The reply should hold only the lines below beginning at the one with "Cárdigan de punto" and ending at the one with "Lexi and I wandered", copied exactly, with every picture left out.

EXTRACTED ENTRIES:
# # # # #
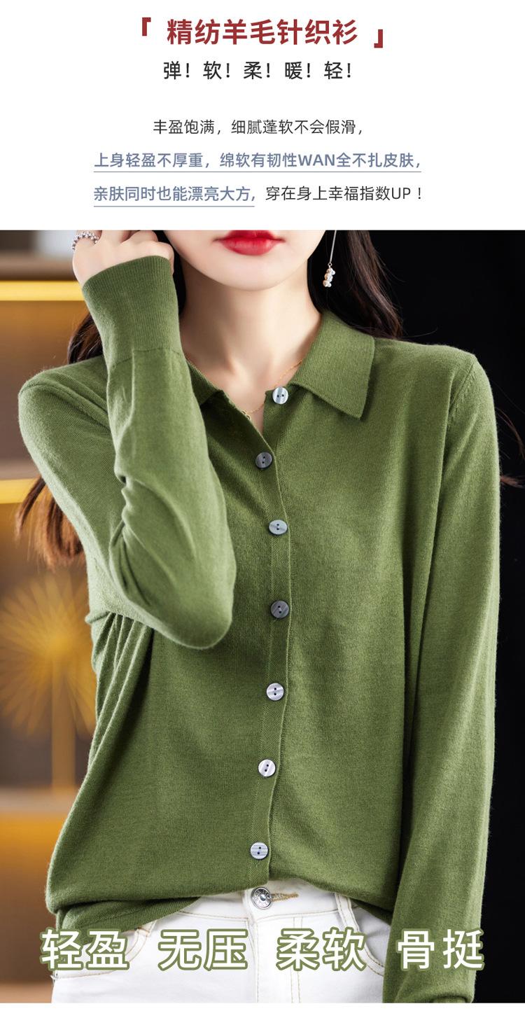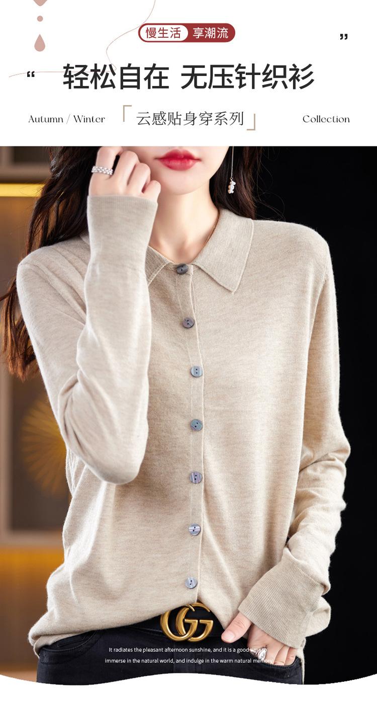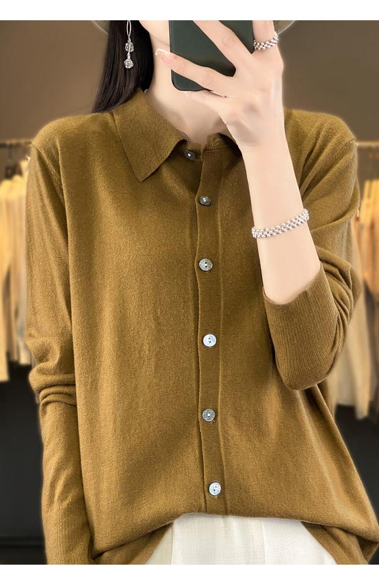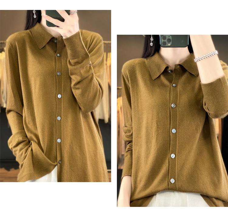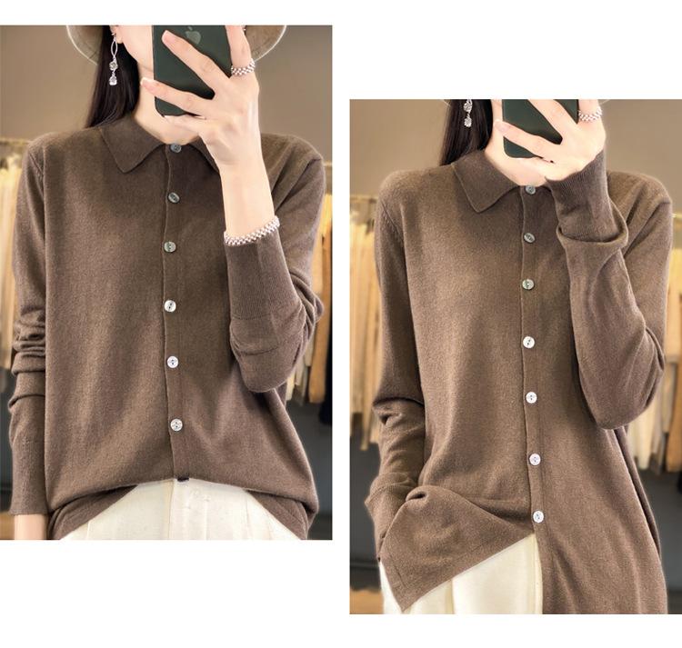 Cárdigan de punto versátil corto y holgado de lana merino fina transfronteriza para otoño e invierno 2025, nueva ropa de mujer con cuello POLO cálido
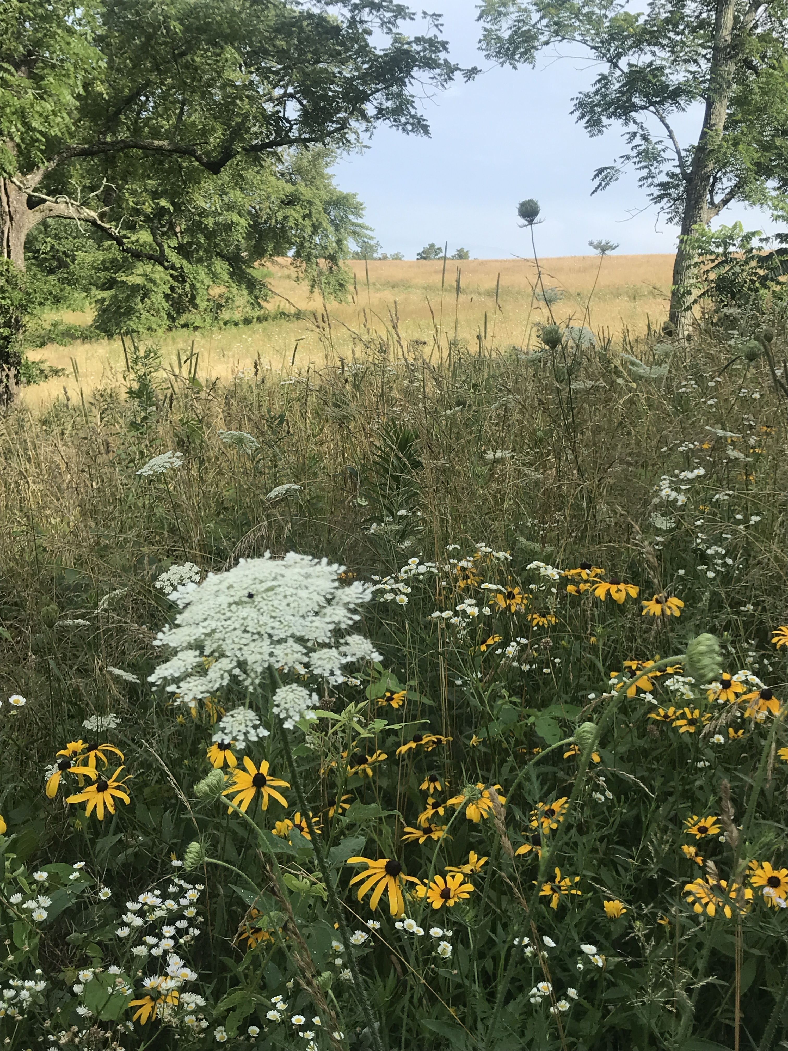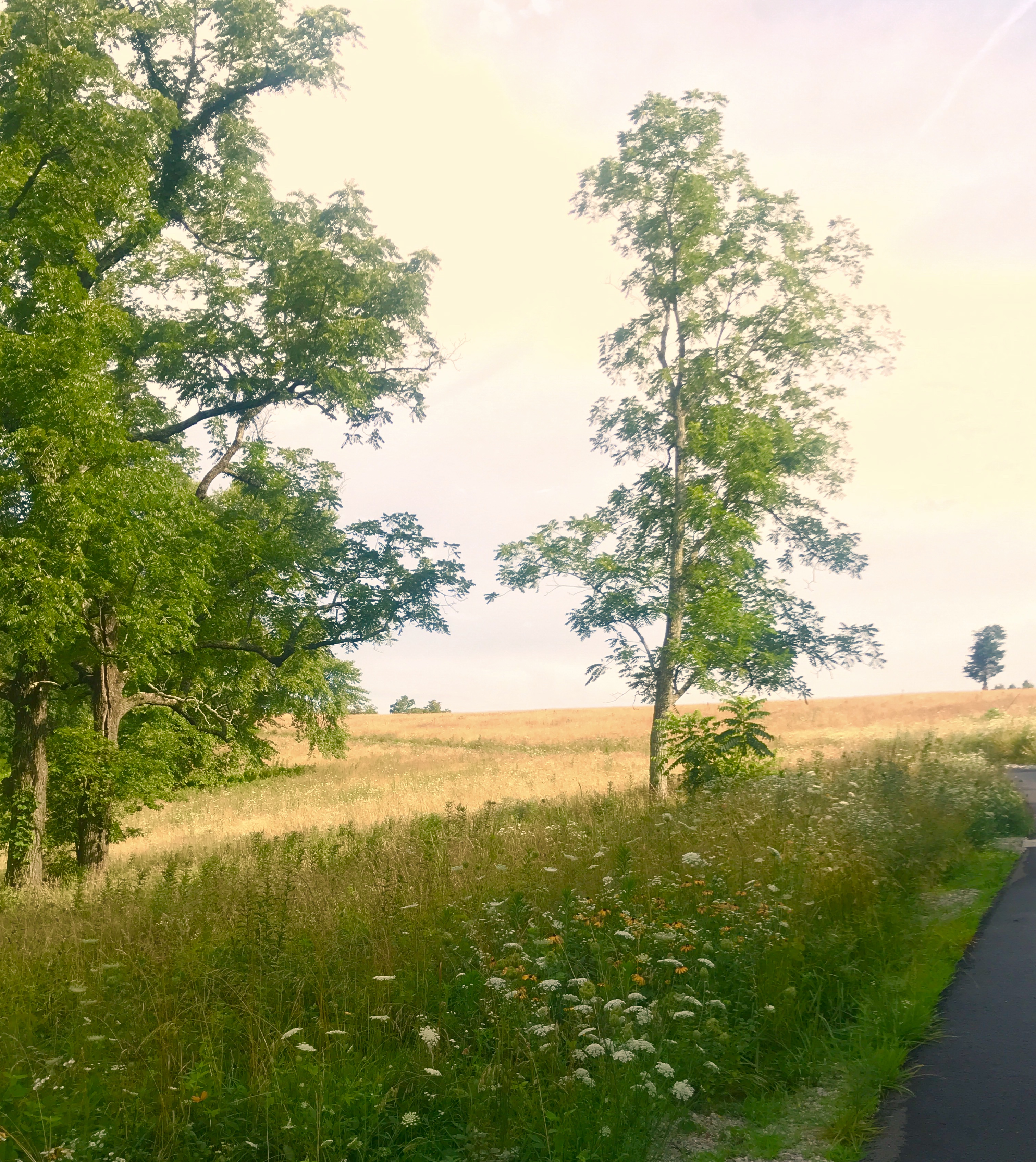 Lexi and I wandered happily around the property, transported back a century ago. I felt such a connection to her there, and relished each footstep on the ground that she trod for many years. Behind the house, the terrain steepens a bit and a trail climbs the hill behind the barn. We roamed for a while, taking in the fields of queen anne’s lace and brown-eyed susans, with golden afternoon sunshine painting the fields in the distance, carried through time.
# # # # #
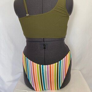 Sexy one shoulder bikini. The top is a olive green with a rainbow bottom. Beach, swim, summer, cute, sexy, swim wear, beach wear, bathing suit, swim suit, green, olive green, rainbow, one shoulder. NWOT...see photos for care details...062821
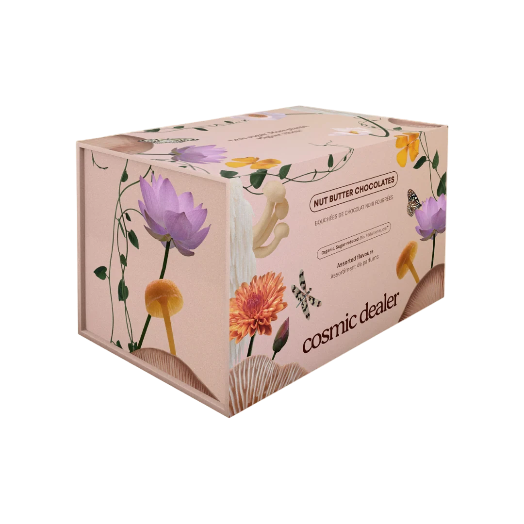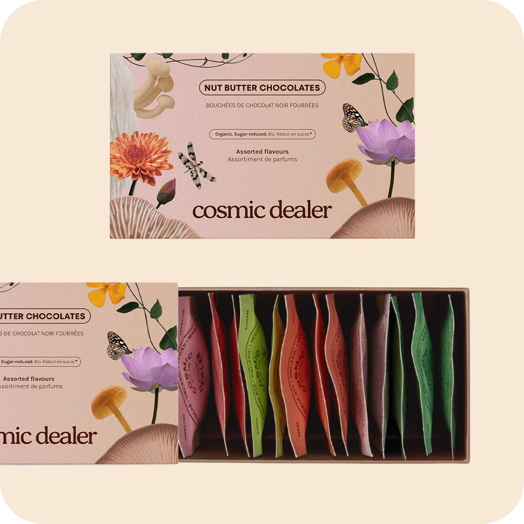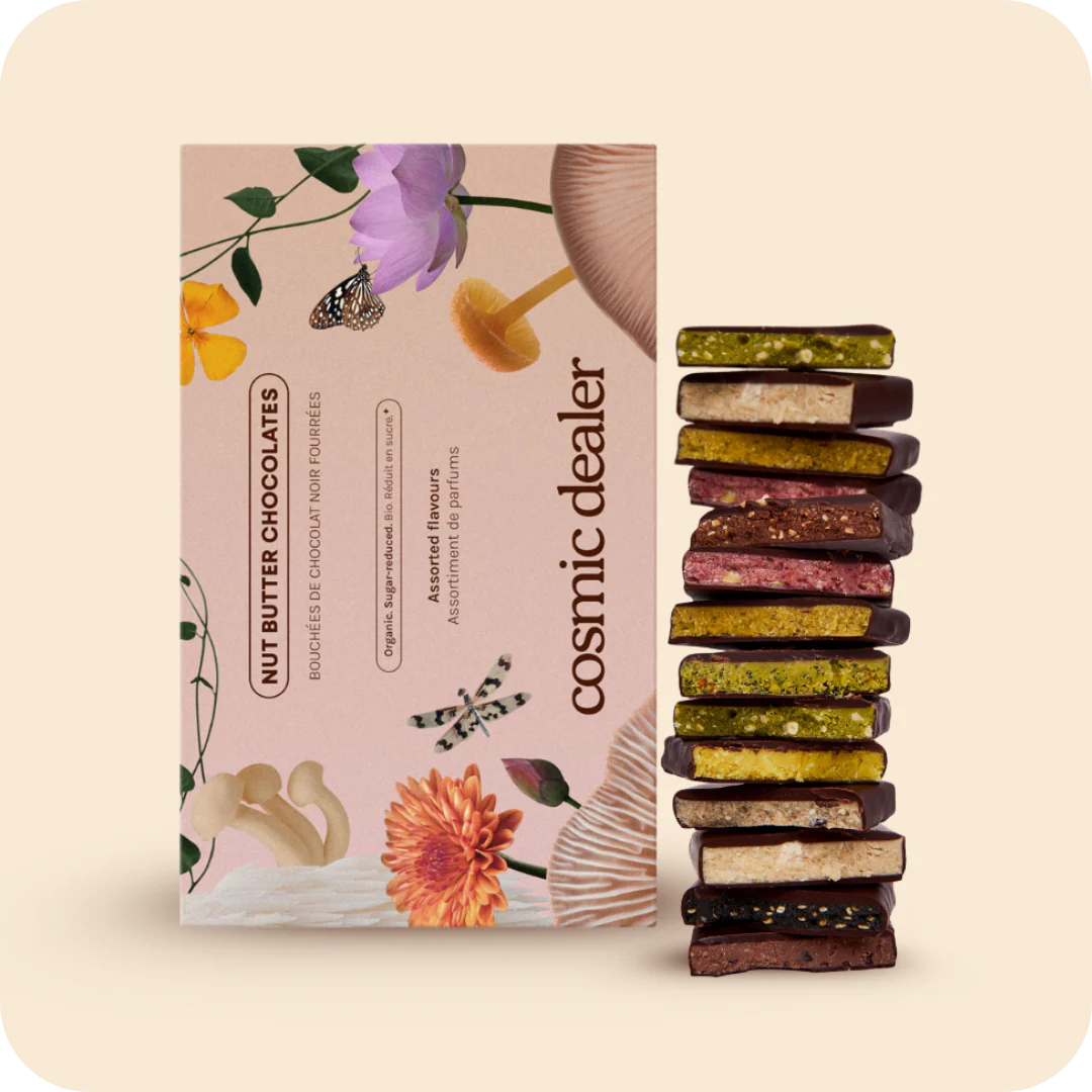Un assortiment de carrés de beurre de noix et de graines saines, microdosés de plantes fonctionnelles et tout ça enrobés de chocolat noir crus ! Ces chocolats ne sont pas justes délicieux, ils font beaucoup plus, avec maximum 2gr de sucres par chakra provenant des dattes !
# # # # #
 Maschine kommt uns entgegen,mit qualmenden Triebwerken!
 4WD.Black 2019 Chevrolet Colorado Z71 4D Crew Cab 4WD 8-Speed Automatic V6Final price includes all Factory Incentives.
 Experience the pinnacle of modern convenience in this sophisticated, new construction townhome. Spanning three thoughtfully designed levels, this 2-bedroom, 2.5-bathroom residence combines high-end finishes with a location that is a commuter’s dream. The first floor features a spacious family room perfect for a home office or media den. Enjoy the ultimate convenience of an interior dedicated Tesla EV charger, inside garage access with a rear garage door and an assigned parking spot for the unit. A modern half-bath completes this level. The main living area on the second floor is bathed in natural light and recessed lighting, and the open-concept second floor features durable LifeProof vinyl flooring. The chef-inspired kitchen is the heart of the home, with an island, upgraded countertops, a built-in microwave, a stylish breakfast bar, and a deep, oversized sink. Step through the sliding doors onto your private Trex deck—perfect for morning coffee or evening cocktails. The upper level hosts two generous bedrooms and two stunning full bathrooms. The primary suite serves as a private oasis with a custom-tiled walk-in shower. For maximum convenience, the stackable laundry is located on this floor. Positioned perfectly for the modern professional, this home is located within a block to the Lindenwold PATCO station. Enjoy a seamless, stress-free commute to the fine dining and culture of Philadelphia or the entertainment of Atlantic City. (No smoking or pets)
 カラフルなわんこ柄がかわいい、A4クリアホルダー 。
# # # # #
PROBLEM SOLUTION:
 Cárdigan de punto versátil corto y holgado de lana merino fina transfronteriza para otoño e invierno 2025, nueva ropa de mujer con cuello POLO cálido
 Lexi and I wandered happily around the property, transported back a century ago. I felt such a connection to her there, and relished each footstep on the ground that she trod for many years. Behind the house, the terrain steepens a bit and a trail climbs the hill behind the barn. We roamed for a while, taking in the fields of queen anne’s lace and brown-eyed susans, with golden afternoon sunshine painting the fields in the distance, carried through time.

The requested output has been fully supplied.